Webull targets beginner-to-intermediate investors who want real charting tools without paying for a Bloomberg terminal. It offers $0 commissions, no account minimum, paper trading (simulated investing with fake money — great for learning), extended hours trading, and fractional shares. Like Robinhood, Webull uses PFOF. The interface is denser than most beginner apps, but the paper trading mode makes it worth the learning curve for anyone who wants to practice before using real money.

  • Account minimum: $0
  • Commissions: $0 stocks/ETFs/options/crypto
  • Fractional shares: Yes
  • SIPC protected: Yes

7. Stash — Best for Learning While You Invest

Stash is explicitly educational: it names its ETF options in plain English (“Clean & Green,” “American Innovators”) and prompts you to learn before you buy. The stock-back debit card rewards you with fractional shares when you spend at brands you own. The fee is $3/month for the Starter plan — same math problem as Acorns applies here. Works best for small investors who value guided learning over minimizing costs.

  • Account minimum: $0 to open; $0.01 to invest
  • Monthly fee: $3 (Starter) or $9 (Growth)
  • Fractional shares: Yes, from $0.01
  • SIPC protected: Yes

Comparison Table: Best Investment Apps for Beginners

App Minimum Fee Fractional Best For
Fidelity $0 $0 trades Yes ($1) Overall best
Acorns $0 $3–5/mo Yes Auto spare change
Robinhood $0 $0 trades Yes ($1) Simple stock trading
M1 Finance $100 $0 trades Yes ($1) Auto-portfolio
SoFi $0 $0 trades Yes ($1) All-in-one finance
Webull $0 $0 trades Yes Data & charting
Stash $0 $3–9/mo Yes ($0.01) Guided learning

Which App Should You Actually Start With?

For most beginners, Fidelity is the right answer — no gimmicks, no monthly fees, no PFOF, and a $0 minimum. If you specifically want automated investing without thinking about it, M1 Finance wins on structure. If you’re starting with less than $50 and need the friction of round-ups to save at all, Acorns makes sense — just understand the fee math and move to a lower-cost platform once your balance grows past a few thousand dollars.

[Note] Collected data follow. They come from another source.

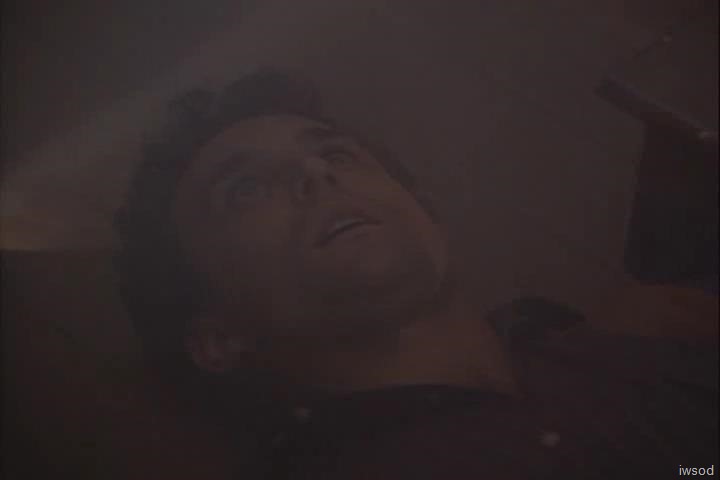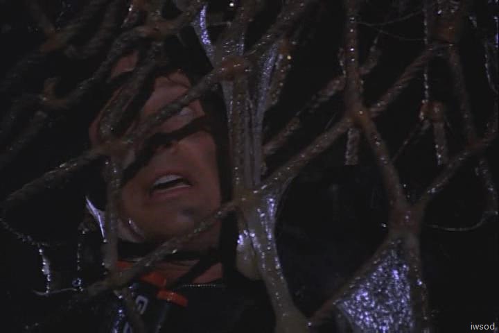 {Lee stands up and takes a step back. He suddenly falls through a trap door on the floor and lands in a slimy fishing net. NOTE: The script lists this as a viscid hardening foam.}![]()
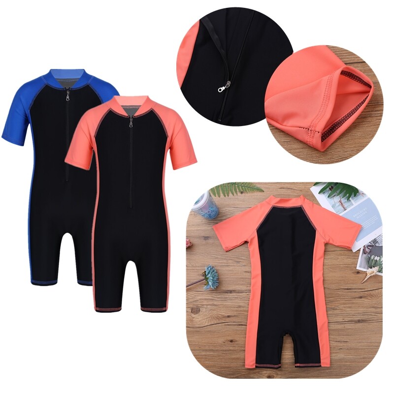 Short sleeves, front zipper closure for easy dressing, with zipper flap to protect your kid’s delicate skin when zipping and unzipping.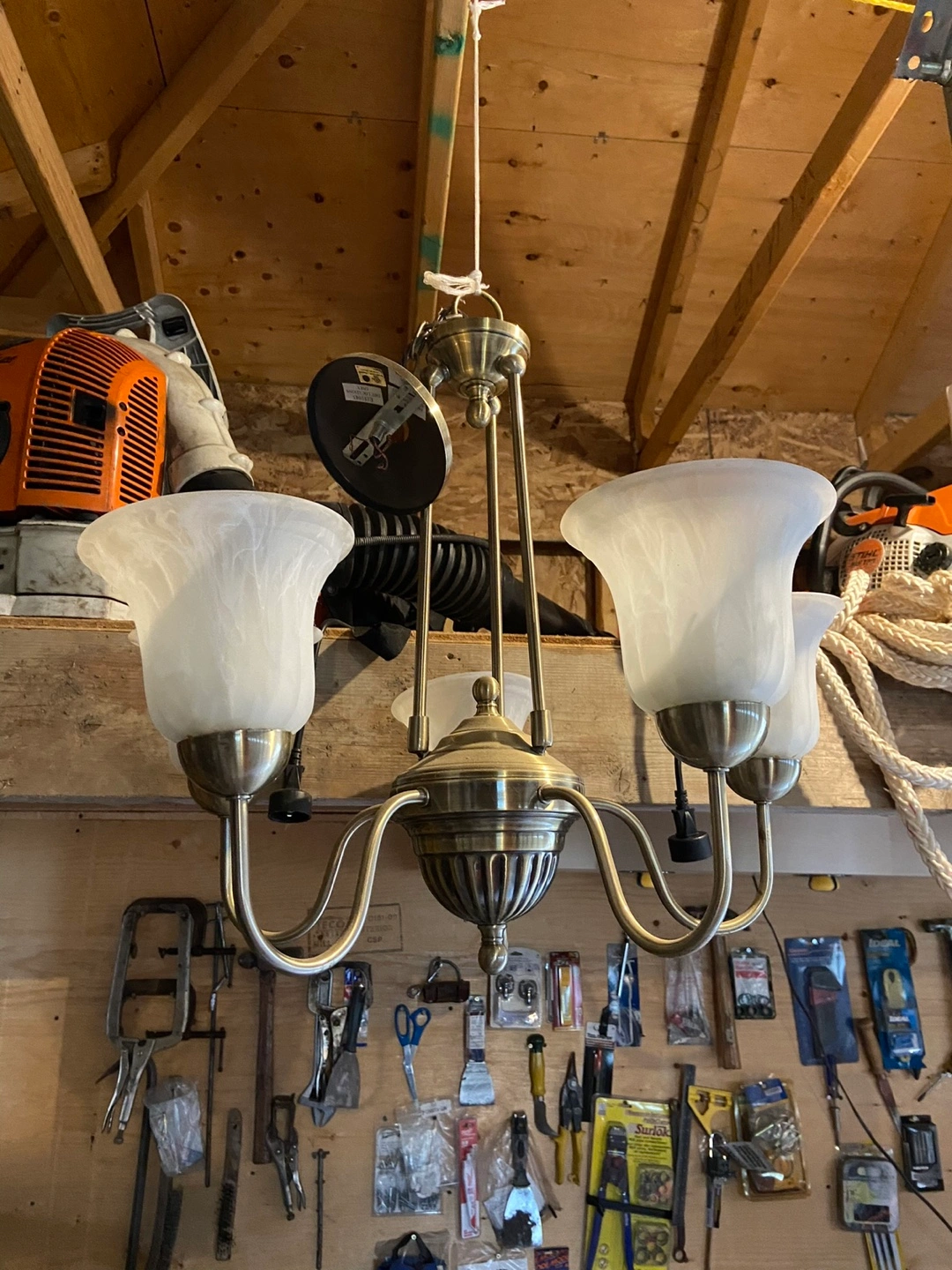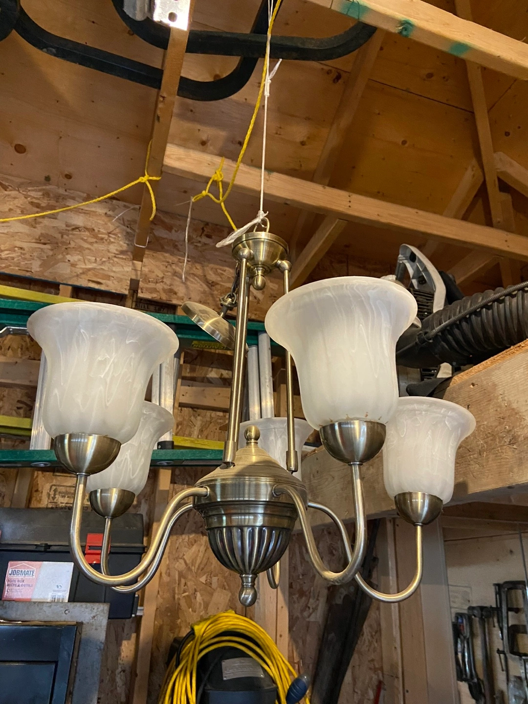 Selling a chandelier lighting fixture! It features a classic design with frosted glass shades and a metal frame. It would be a great addition to any dining room, living room, or entryway. It's in good condition and ready to brighten up your home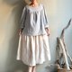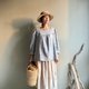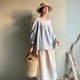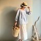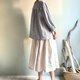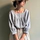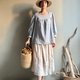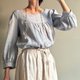 威尼斯/灰藍色酵素洗亞麻方領花苞袖/七分袖上衣100%Linen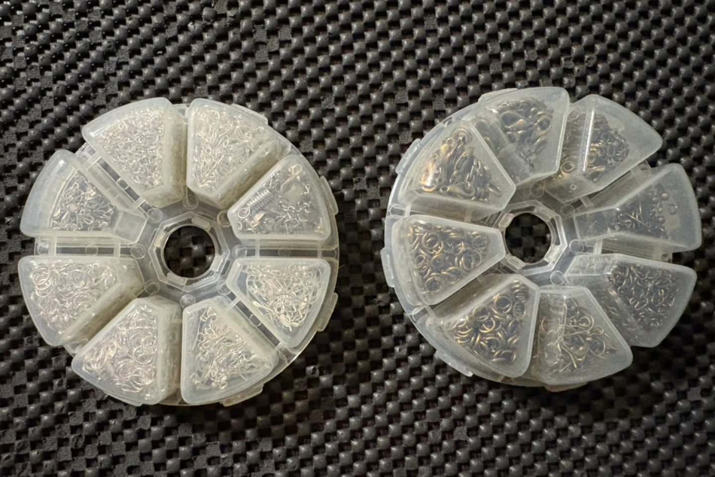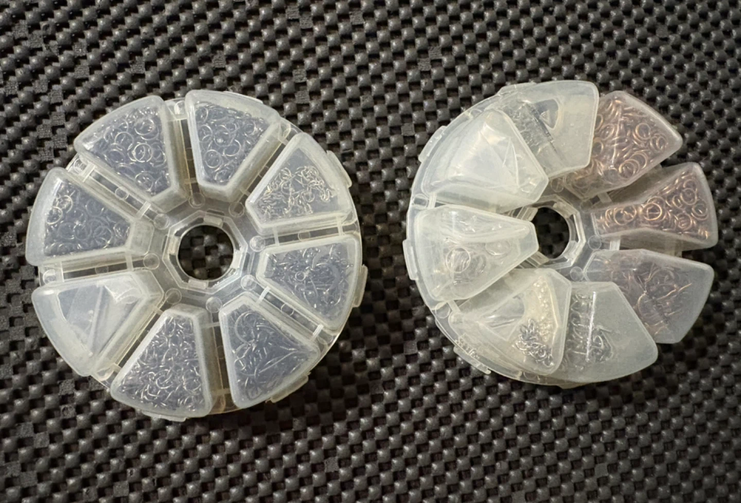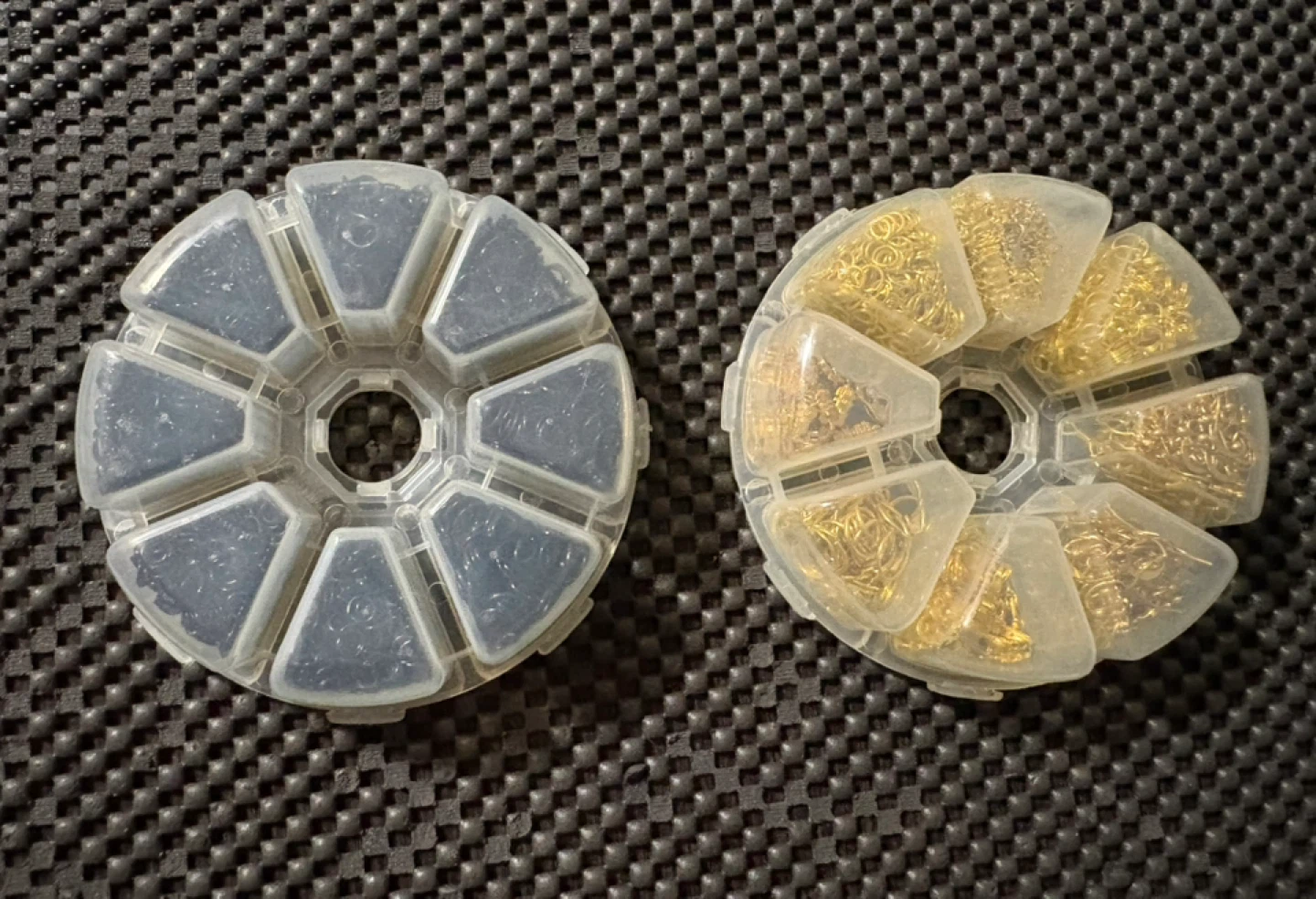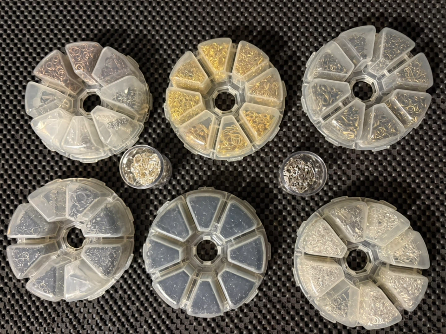 Set of organizer wheels filled with assorted jewelry findings $130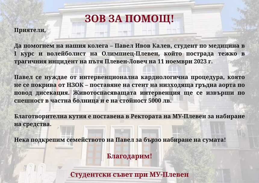 Калев, който е студент от първи курс в Медицински университет Плевен, се нуждае от интервенционална кардиологична процедура, която не се покрива от НЗОК - поставяне на стент на низходяща гръдна аорта по повод дисекация. Животоспасяващата интервенция ще се извърши по спешност в частна болница и сумата е на стойност 5000 лева. Като след това му предстои операция на бедрена кост.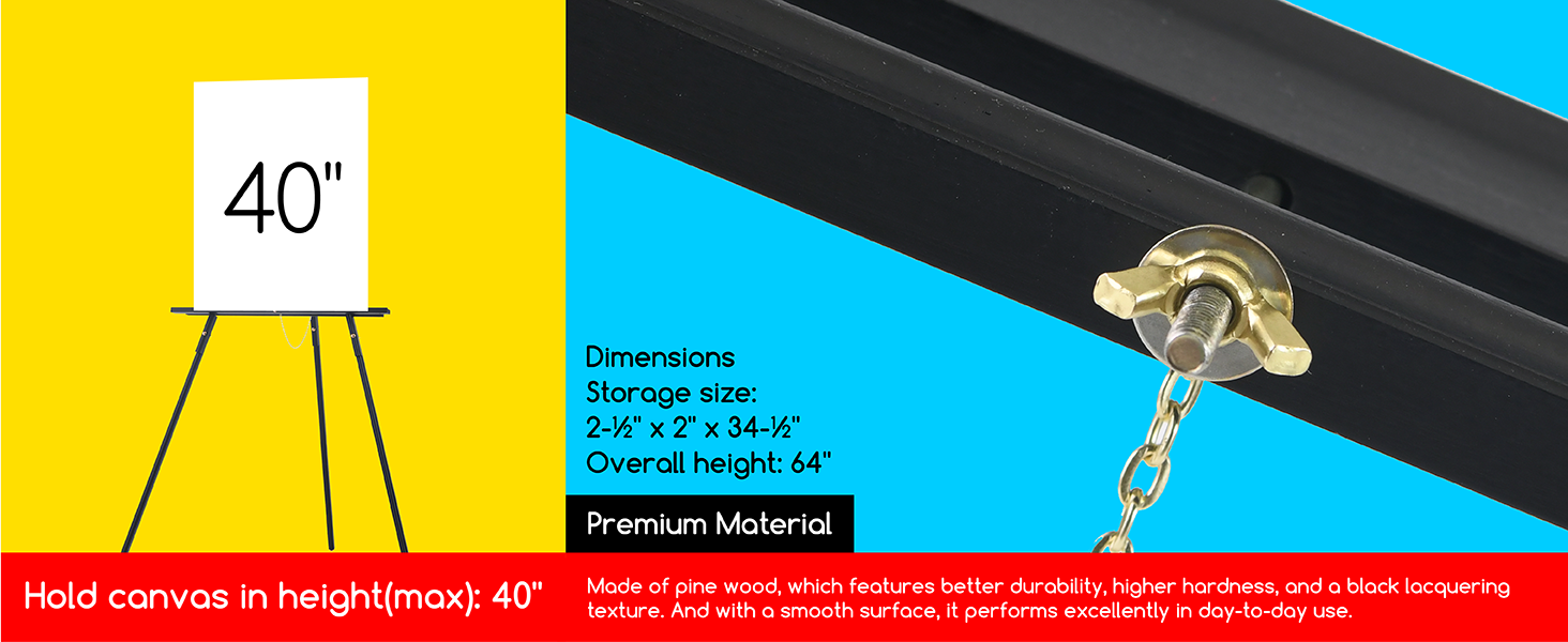 MEEDEN Beech Wood Display Wedding Easel Stand, Max Height 64'' Holds Up to 40"/11lb, Walnut Wooden A-Frame Tripod Studio Artist Floor Easel for Wedding Sign, Poster, Canvas, Show, Presenting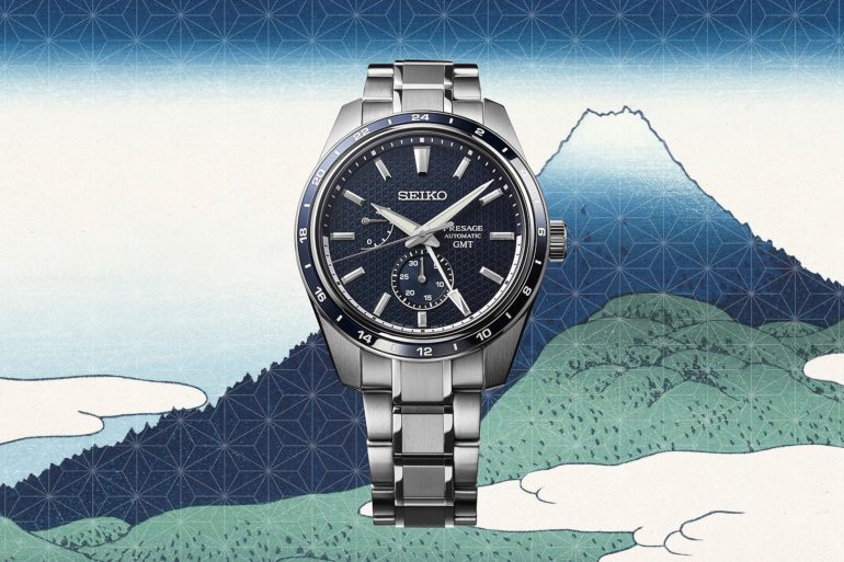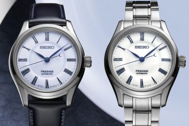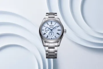 Seiko adds a traditional, hand-worked light blue shade to the previous white porcelain dial.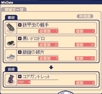 それにしてもコアはなんで鉄甲虫の籠手より性能落ちるのかねぇ?甚だ疑問なのですが・・・。コア作ってすぐ次のステップ進まないと、なんか損した気分になるよね?う~む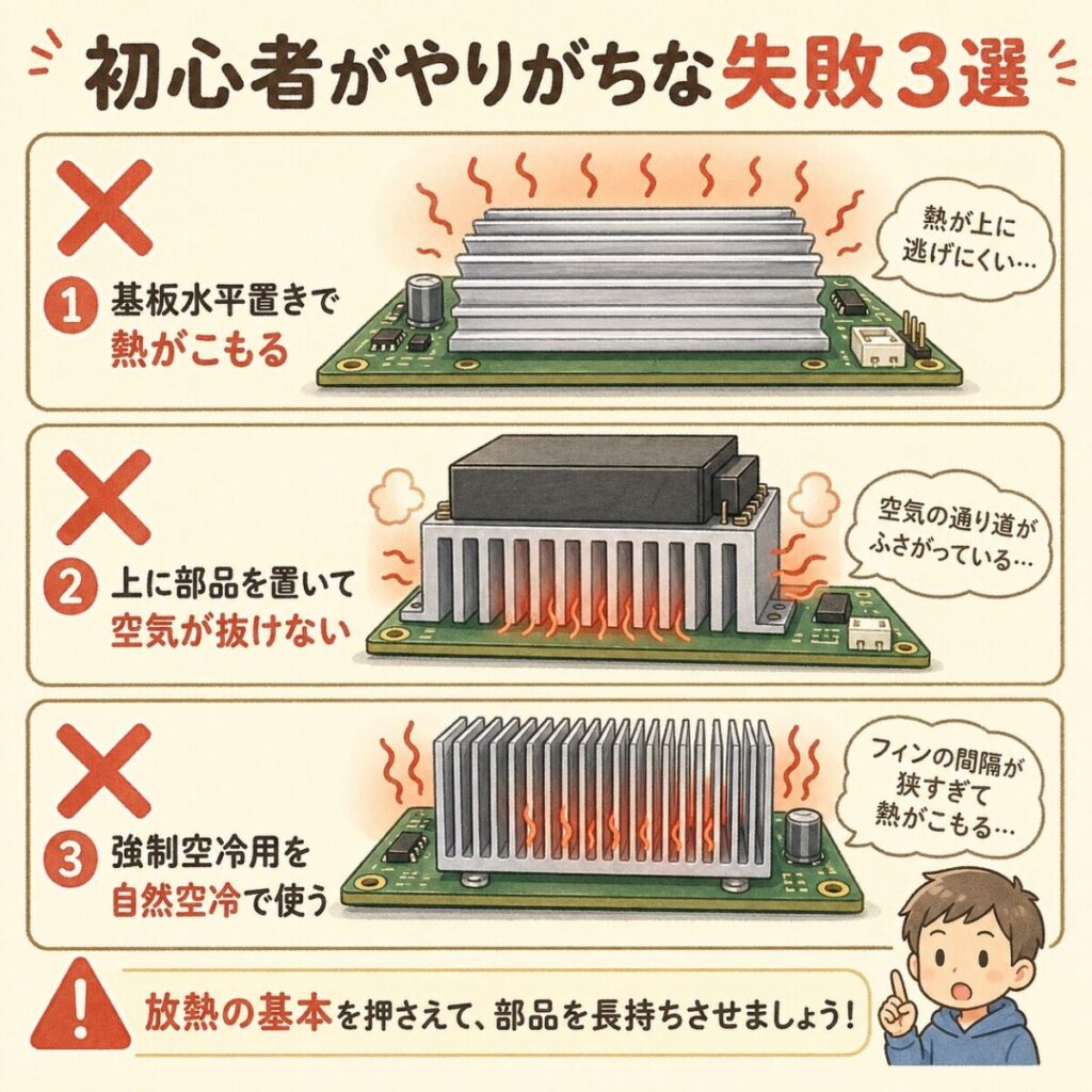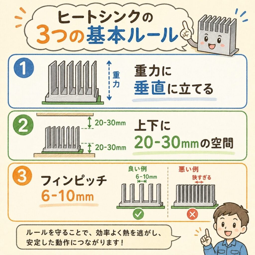 ヒートシンクの「向き」と一口に言っても、判断基準は1つではありません。実装時に必ず確認すべき3つのルールを紹介します。

If you’re not sure what to actually buy once you open an account, our guide on how to start investing with $100 walks through first-move decisions without assuming you already know what an index fund is.

Our Pick: Fidelity for most beginners, M1 Finance for set-it-and-forget-it portfolio automation. Open a Fidelity account →

FAQs

Are investment apps safe?

All seven apps on this list are SEC-registered and SIPC members. SIPC protects up to $500,000 in securities and cash (up to $250,000 cash) if the broker fails. That said, SIPC does not protect against market losses — if your investments drop in value, that’s investment risk, not brokerage risk.

What’s the best investment app with no minimum?

Fidelity, Robinhood, Webull, SoFi, Stash, and Acorns all have $0 minimums to open an account. M1 Finance requires $100 for taxable accounts.

Do any of these apps charge hidden fees?

The main hidden cost on “free” apps is payment for order flow (Robinhood, Webull). Acorns and Stash have flat monthly fees that look small but represent high percentage costs on small balances. Expense ratios on the underlying ETFs are a separate, ongoing cost — usually 0.03–0.20% for index ETFs.

This article is for informational purposes only and is not financial advice. Investing involves risk, including possible loss of principal.